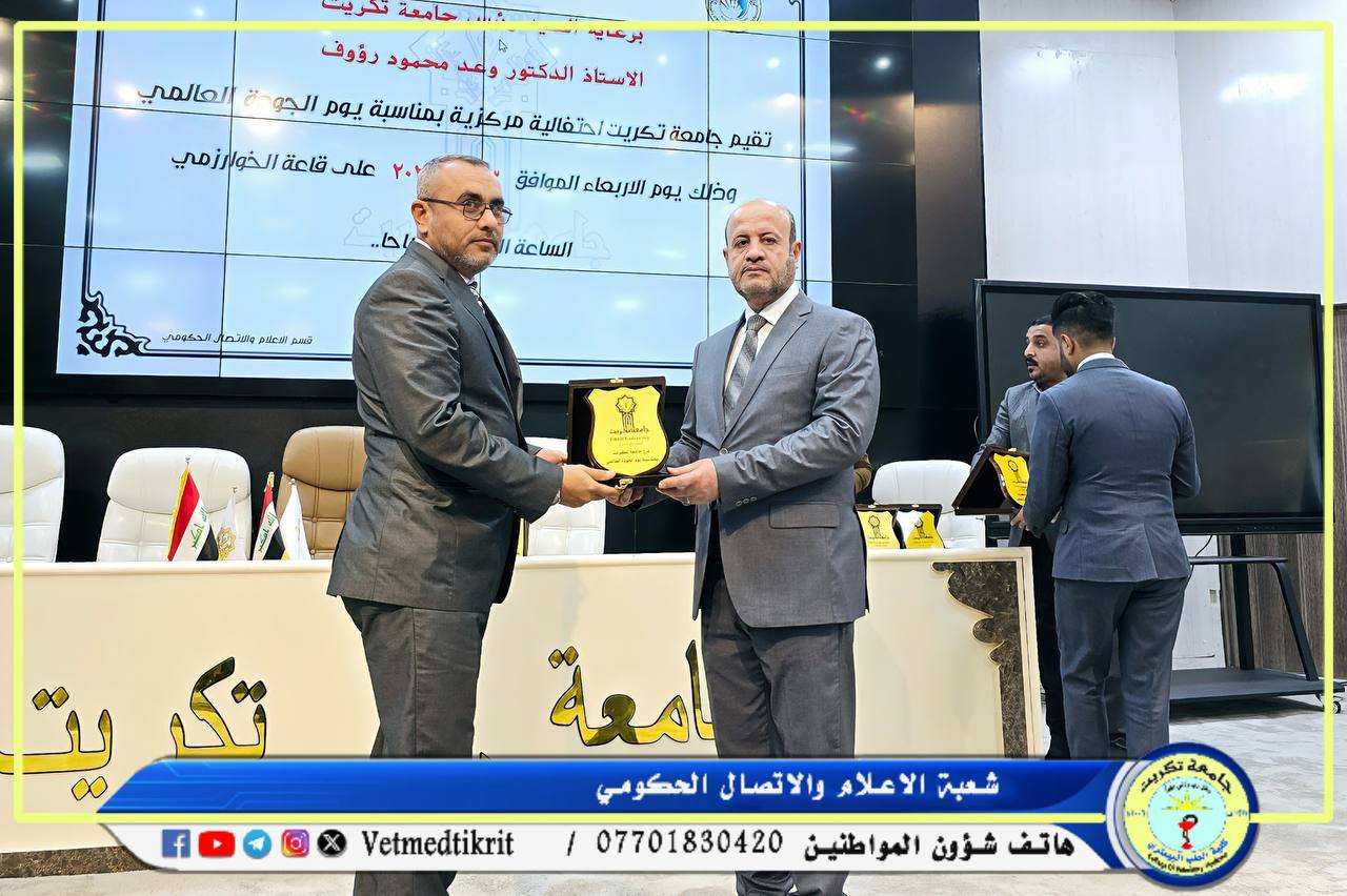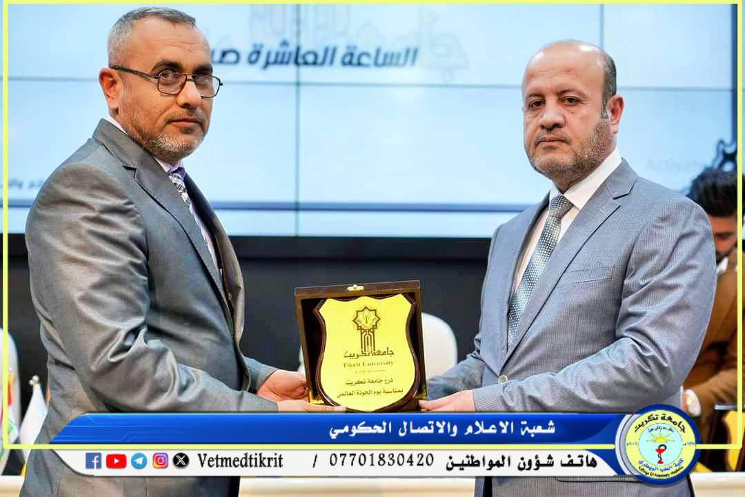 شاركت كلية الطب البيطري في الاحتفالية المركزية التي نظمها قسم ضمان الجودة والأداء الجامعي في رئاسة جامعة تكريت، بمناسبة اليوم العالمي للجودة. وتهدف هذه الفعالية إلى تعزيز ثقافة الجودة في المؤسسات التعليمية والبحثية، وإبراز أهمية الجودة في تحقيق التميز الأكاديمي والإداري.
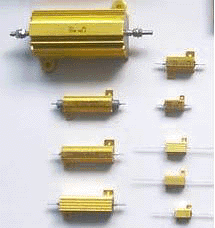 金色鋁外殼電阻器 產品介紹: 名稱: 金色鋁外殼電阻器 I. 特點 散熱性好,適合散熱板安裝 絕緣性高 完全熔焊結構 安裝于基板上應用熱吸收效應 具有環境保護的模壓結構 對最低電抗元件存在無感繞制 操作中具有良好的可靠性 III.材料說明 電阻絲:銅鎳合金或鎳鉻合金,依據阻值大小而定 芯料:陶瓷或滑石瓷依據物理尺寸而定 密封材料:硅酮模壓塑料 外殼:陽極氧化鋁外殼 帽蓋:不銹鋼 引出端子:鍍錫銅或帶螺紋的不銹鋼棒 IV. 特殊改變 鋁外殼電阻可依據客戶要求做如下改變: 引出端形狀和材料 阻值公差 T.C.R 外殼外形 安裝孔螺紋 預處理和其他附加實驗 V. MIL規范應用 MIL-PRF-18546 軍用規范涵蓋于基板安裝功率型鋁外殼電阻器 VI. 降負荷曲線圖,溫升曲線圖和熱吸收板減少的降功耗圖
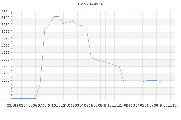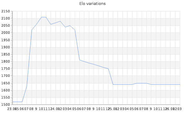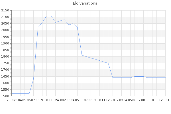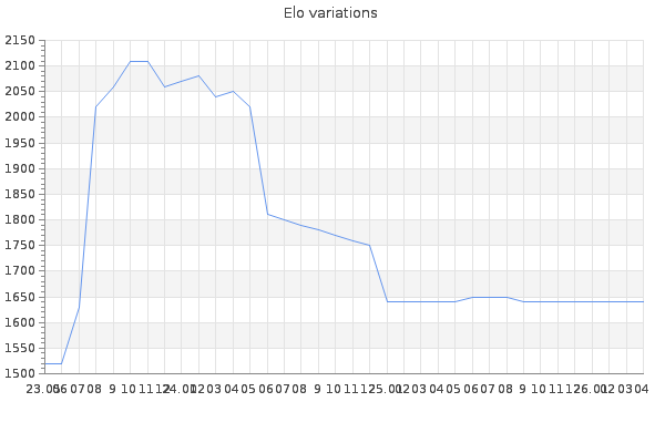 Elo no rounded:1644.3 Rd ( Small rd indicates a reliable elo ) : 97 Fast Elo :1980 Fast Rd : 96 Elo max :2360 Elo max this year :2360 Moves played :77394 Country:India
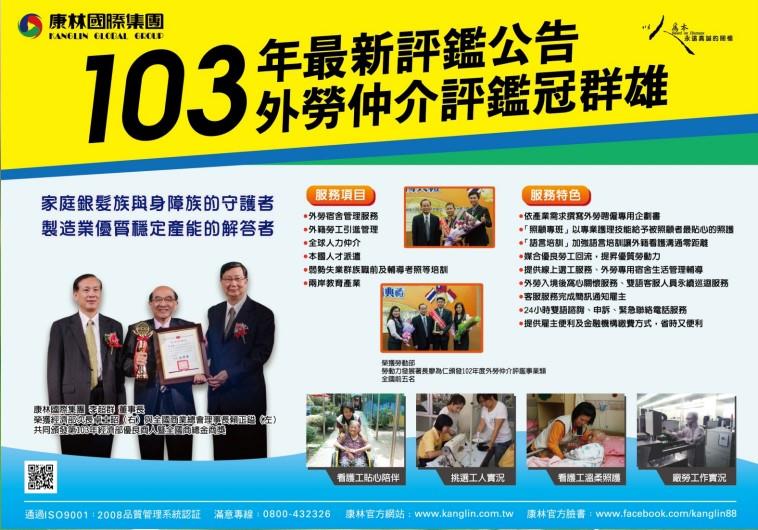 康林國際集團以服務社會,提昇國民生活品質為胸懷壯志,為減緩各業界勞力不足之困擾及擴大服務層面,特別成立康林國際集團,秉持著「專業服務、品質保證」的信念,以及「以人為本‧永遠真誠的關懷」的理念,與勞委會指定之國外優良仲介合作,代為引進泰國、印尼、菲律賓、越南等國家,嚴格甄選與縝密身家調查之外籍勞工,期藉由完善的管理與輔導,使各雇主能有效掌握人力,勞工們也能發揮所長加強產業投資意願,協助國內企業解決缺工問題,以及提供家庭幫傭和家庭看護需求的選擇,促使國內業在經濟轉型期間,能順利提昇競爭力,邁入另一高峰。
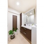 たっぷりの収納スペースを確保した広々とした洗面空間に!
--
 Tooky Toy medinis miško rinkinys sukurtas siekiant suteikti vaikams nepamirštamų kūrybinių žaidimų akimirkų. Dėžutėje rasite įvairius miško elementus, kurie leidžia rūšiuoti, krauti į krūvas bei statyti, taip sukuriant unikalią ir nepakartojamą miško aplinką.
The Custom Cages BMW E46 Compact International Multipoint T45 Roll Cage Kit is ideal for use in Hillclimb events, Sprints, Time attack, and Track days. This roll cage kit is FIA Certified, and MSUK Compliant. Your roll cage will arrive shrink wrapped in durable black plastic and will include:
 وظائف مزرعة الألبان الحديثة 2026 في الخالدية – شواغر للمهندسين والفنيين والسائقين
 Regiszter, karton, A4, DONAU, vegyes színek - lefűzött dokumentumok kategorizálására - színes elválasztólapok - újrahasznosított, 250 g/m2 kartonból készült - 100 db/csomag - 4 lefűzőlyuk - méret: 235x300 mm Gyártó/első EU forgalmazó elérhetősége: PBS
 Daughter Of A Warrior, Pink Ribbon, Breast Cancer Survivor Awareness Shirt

### Exercise instructions
Copy out exactly the material that runs from the line with "Elo no rounded:1644.3" to the line with "たっぷりの収納スペースを確保した広々とした洗面空間に!", ends included, and leave the pictures behind.

### Answer to the exercise
 Elo no rounded:1644.3 Rd ( Small rd indicates a reliable elo ) : 97 Fast Elo :1980 Fast Rd : 96 Elo max :2360 Elo max this year :2360 Moves played :77394 Country:India
 康林國際集團以服務社會,提昇國民生活品質為胸懷壯志,為減緩各業界勞力不足之困擾及擴大服務層面,特別成立康林國際集團,秉持著「專業服務、品質保證」的信念,以及「以人為本‧永遠真誠的關懷」的理念,與勞委會指定之國外優良仲介合作,代為引進泰國、印尼、菲律賓、越南等國家,嚴格甄選與縝密身家調查之外籍勞工,期藉由完善的管理與輔導,使各雇主能有效掌握人力,勞工們也能發揮所長加強產業投資意願,協助國內企業解決缺工問題,以及提供家庭幫傭和家庭看護需求的選擇,促使國內業在經濟轉型期間,能順利提昇競爭力,邁入另一高峰。
 たっぷりの収納スペースを確保した広々とした洗面空間に!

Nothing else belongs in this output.